The PGM basket continues to outperform most commodities
Both the Palladium and Rhodium prices increased over the month of September, largely driven by potential supply constraints. As expected, Middle East tension drove the oil price higher but fortunately the price closed below intra-month highs, but a more serious conflict could have a very negative impact on the future oil price. With the exception of nickel, base metal prices were generally weaker over the month.
South Africa’s growth prospects continue to disappoint
South Africa’s economic performance continues to disappoint amidst calls on the government to adopt a more growth focused economic policy increasing by the day. Confidence remains fragile as the very necessary restructuring of the parastatals and municipalities holds the prospect of job cuts and further tax increases, both impediments to a meaningful recovery in the short term. There is some evidence of an embryonic pick-up in the construction sector, coming after many years of steep declines. This was reflected in a good share price performance from the sector in the month.
Global equity markets in a trading range
Global equities have been trapped in a trading range for the last two years. Although the historic bull market is very mature and valuations are modestly stretched, the current low interest rate environment is, in our opinion, not creating a sufficiently attractive alternative to encourage withdrawal of capital from equity markets. However, the risks are skewed to the downside given the limited scope for further monetary policy easing and the increased likelihood of negative earnings revisions. Global bond markets are not offering reasonable value either. Only in the US are 10 year yields roughly in line with the inflation rate but still not offering yields in-line with long term averages. Elsewhere developed market yields are either negative or only barely positive, as in the case of UK bonds.

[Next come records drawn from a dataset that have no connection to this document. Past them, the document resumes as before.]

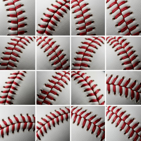 A detailed collage of close-up images showcasing the intricate red stitching patterns on a white baseball. Each image highlights a different angle and section of the stitching, emphasizing the texture and craftsmanship of the baseball.
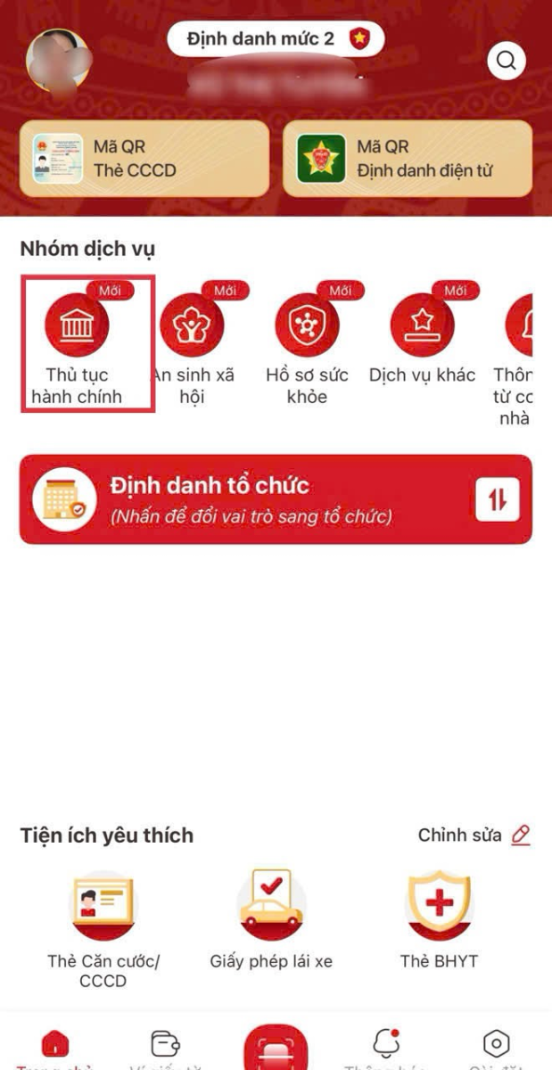 Bước 1: Đăng nhập vào ứng dụng VNeID.
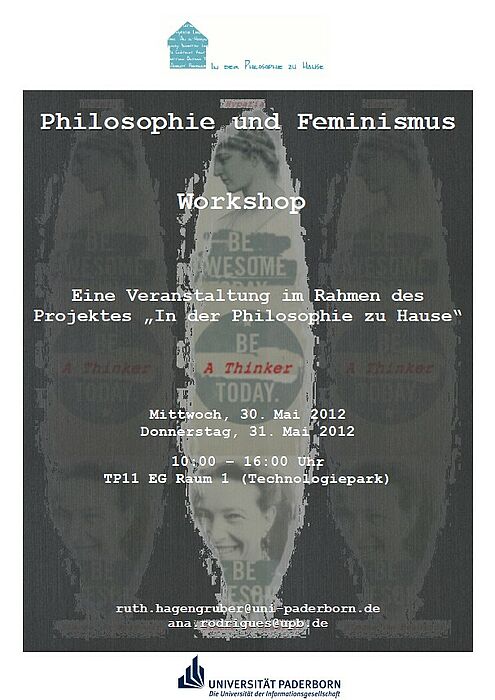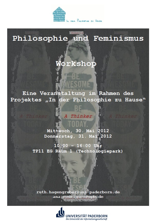 Das Projekt In der Philosophie zu Hause des Instituts für Humanwissenschaften der Universität Paderborn veranstaltet im Rahmen der Lesewoche der Fakultät für Kulturwissenschaften am Mittwoch, den 30.05.2012, und Donnerstag, den 31.05.2012, einen Workshop zum Thema Philosophie und Feminismus.
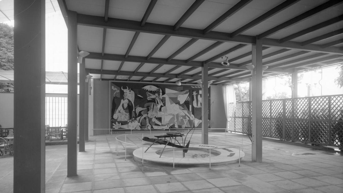 Inside the Spanish Pavilion at the Paris International Exhibition of Art and Technology in Modern Life. Pablo Picasso's Guernica and the Mercury Fountain, by Alexander Calder
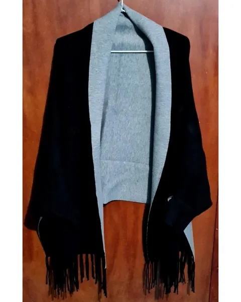 Capa mañanita poncho elegante negro. Hermosa y abrigadora capa mañanita poncho elegante, tejido de punto, strech, calientita. Color negro, forro gris, súper cómoda y fácil de llevar, su tejido suave al tacto la hace atemporal, su corte holgado se ajusta a todas las tallas y es mu favorecedor. 100% unitalla. Pd. Si te interesan más productos de mi closet, escríbeme y con gusto te armo un gran kit a muy buen precio 🤑

South African financial markets require an injection of confidence
South African equity markets eked out modest gains in September. Resources lost ground in the month but still remain the top performing economic group this year. Despite overall declines from mining shares, platinum shares were up in the month. Industrial shares also contracted in September but financials recovered strongly from the prior months’ losses.

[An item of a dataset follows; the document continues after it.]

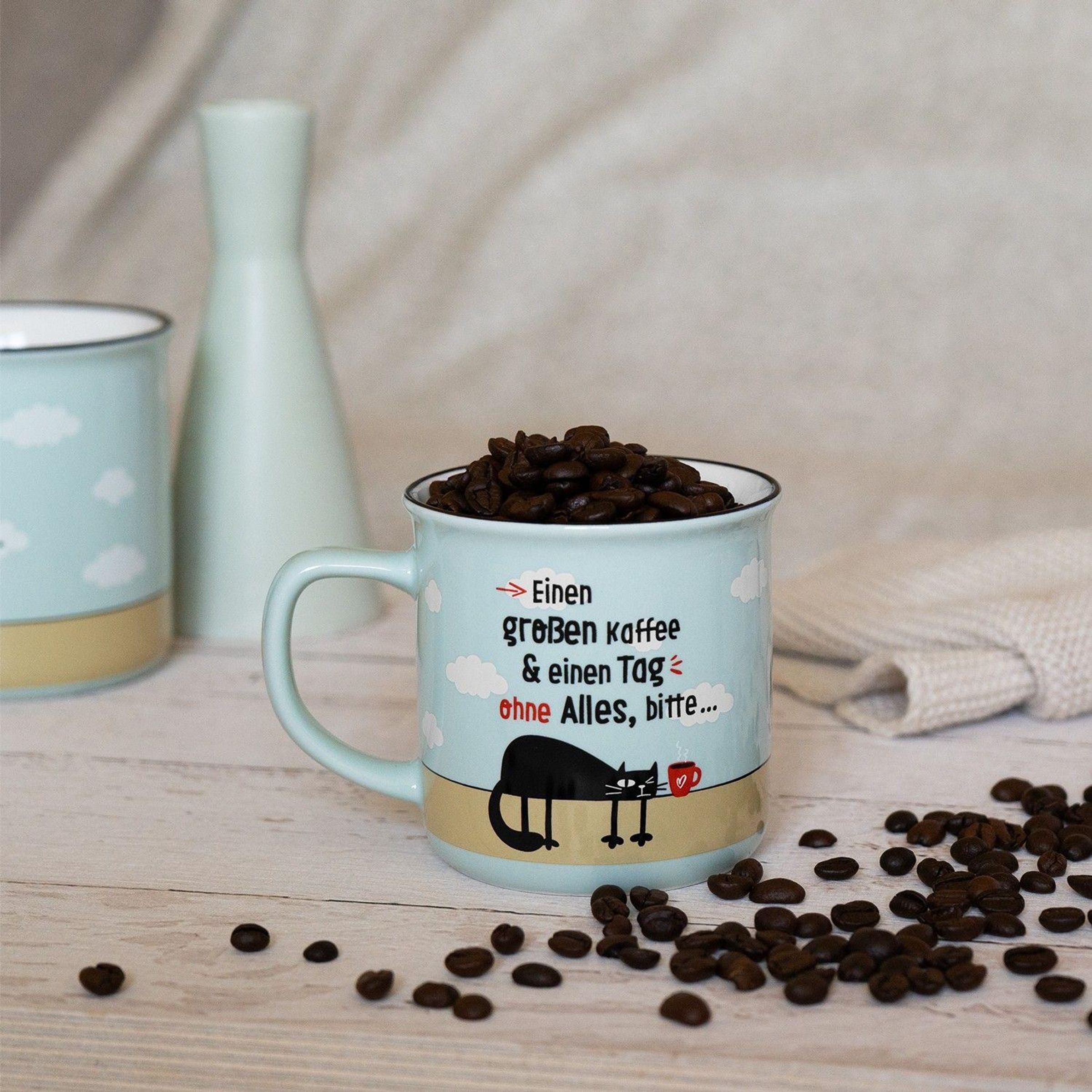 Becher in Emailloptik "Einen großen Kaffee & einen Tag ohne Alles, bitte..."

Indices have been driven by the divergence of strong performances of global and export orientated companies and poor performances from companies reliant on SA Inc.

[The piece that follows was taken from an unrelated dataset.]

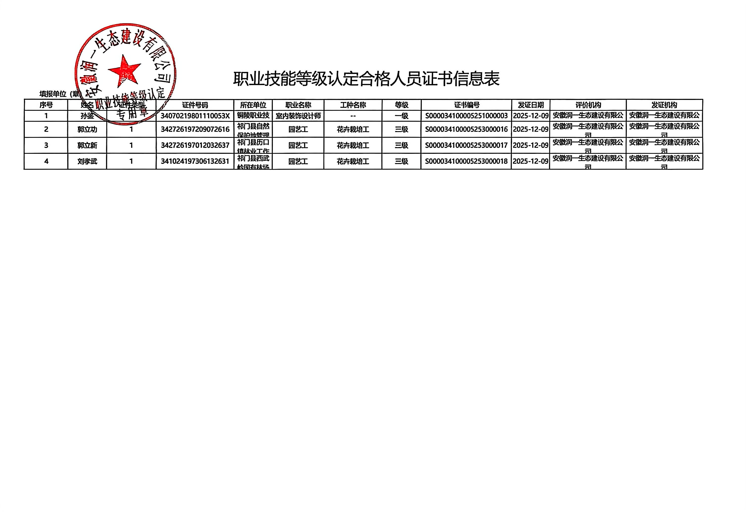 2025年07月26日开展年度第四批次职业技能认定工作。经过笔试、综合评定和现场技能考核三重认定后,参加本次技能认定的共3人,合格2人,现将考核成绩公示七天(2025年8月10日-2025年8月17日)。投诉举报电话:0559-2354480(黄山市职业技能鉴定中心) 0559-7503666(安徽润一公司)
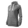 Cipzárral összehúzható női felső kapucnival és kenguruzsebbel.

Given the likelihood of the SA economy remaining weak for a protracted period and consequently earnings growth remaining lacklustre, valuations for domestically focused counters are not compelling. Some of the large offshore exposed companies including British American Tobacco and Prosus appear to be offering reasonable value at these levels.
SA bonds are offering very high real yields but are hostage to SA’s sovereign credit rating and economic woes. A downgrade by Moody’s, the only ratings agency to still maintain SA debt as investment grade, would be bad news, most likely preventing real yields from contracting much.
Portfolio Positioning
The fund continued to perform well during the third quarter 2019. This was mainly due to good performance from the preference shares we hold. Steinhoff preference shares are still suspended and we are hopeful that this issue will be resolved soon. The exposure to Steinhoff preference shares is around 1% of the fund.